Monitoring the state of infrastructure systems proactively is crucial to ensure their proper functionality during extreme events. Flood control networks are designed to keep communities safe from inundation. Accurately monitoring the inundation status of flood control components could enhance flood situational awareness and risk management during extreme events. However, the design and placement of sensor networks that collect data to monitor the status of flooding do not often consider the principles of observability. We bridge the gap by creating a framework for the assessment of flood control network observability and determining the minimum number and locations of the flood gauges to achieve maximum monitoring across critical regions. We first delineate critical regions that are needed to be observed, then identify feasible solutions on sensor sets, and finally determine the candidate sensor set based on the importance of the nodes that exist in each sensor set. We tested the framework in the context of Harris County, Texas, as a case study. The results show that the current flood gauge placement is not sufficient for comprehensively monitoring the flooding status of critical areas, nor informed by the network observability principles.
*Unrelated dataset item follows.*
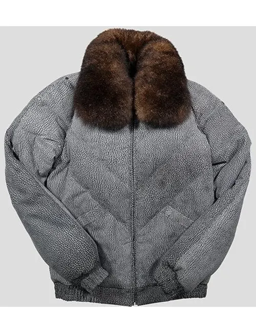 Elephant Print Removeable Fur Collar V Bomber Jacket For Unisex On Sale

Results also offer insights to decision-makers to extend the current flood gauge network or design new flood gauge networks more effectively.

Suggested Citation

  • Farahmand, Hamed & Liu, Xueming & Dong, Shangjia & Mostafavi, Ali & Gao, Jianxi, 2022. "A Network Observability Framework for Sensor Placement in Flood Control Networks to Improve Flood Situational Awareness and Risk Management," Reliability Engineering and System Safety, Elsevier, vol. 221(C).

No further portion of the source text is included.